Rudrayani jatra is performed every year in the month of October on the first 7 days of Dashain festival. The permanent people of Khokana does not celebrate the Dashain festival, they celebrate their own Jatra, Sikhali Jatra'.

=== De pukhu ===

It is a big rectangular water pond located in the Chwe Lachi square. During Rudrayani Jatra on Janai Purnima, a group of young men take a swim in the pond where a goat is sacrificed by drowning in this pond. After the death of goat, the group of young men fight for the goat. The culture is that a group that wins the goat should make a cultural drama show "kha pyakha" during Sikhali jatra. The Khokana festival has also drawn widespread criticism and ire from animal sympathisers and animal rights activists for its way of animal sacrifice.
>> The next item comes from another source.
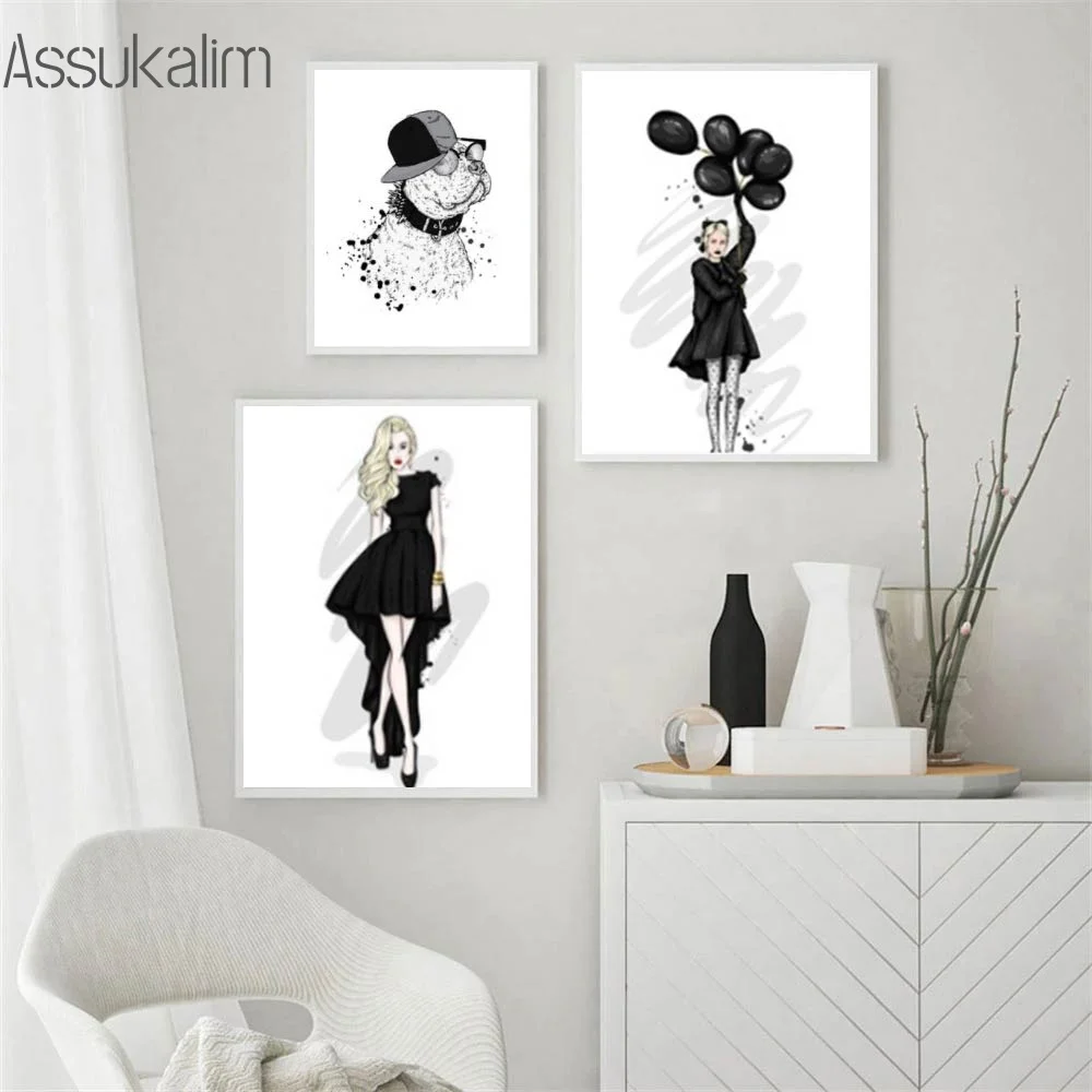 Черно-белый плакат, модная леди, настенный художественный принт, ок...

In the past, the water source in the pond used to be from Rajkulo. But in the present context, the water in the Dyo Pukhu dries up during dry season. Water in the pond is usually refilled by the water tanks during festival times. De pukhu means God pond in English. The Rudrayani temple used to be six floors but when an earth quake broke it was destroyed into 3 floors the rest of the parts somehow fell into the pond so it is called De pukhu

=== Other Ponds ===

Besides the De Phukhu, there are other ponds all around Khokana. Most of the ponds were fed by Rajkulo all the way from Tika Bhairab. The major ponds around Khokana includes
1. Kha Pukhu
2. Pala Pukhu
3. Ga Pukhu
4. Kutu Pukhu
5. Dhokasi Pukhu
6. Samal Pukhu
7. Tar Pukhu
8. Phonga Pukhu

=== Jitapur Mandap ===

Jitapur mandap, also known in local language as ‘Gaa-cha’ is a public rest house located in the Kwe-lachi square where major social activities like cultural processions and religious performances are observed. Jitapur mandap is one of the major landmark where the ‘khat’ of the Rudrayani is rested during the Rudrayani jatra. The mandap was completely destroyed during the 2015 Nepal earthquake and was reconstructed in its present shape by Chiri Maya Maharjan (Daughter of Khokana), Kathamandu.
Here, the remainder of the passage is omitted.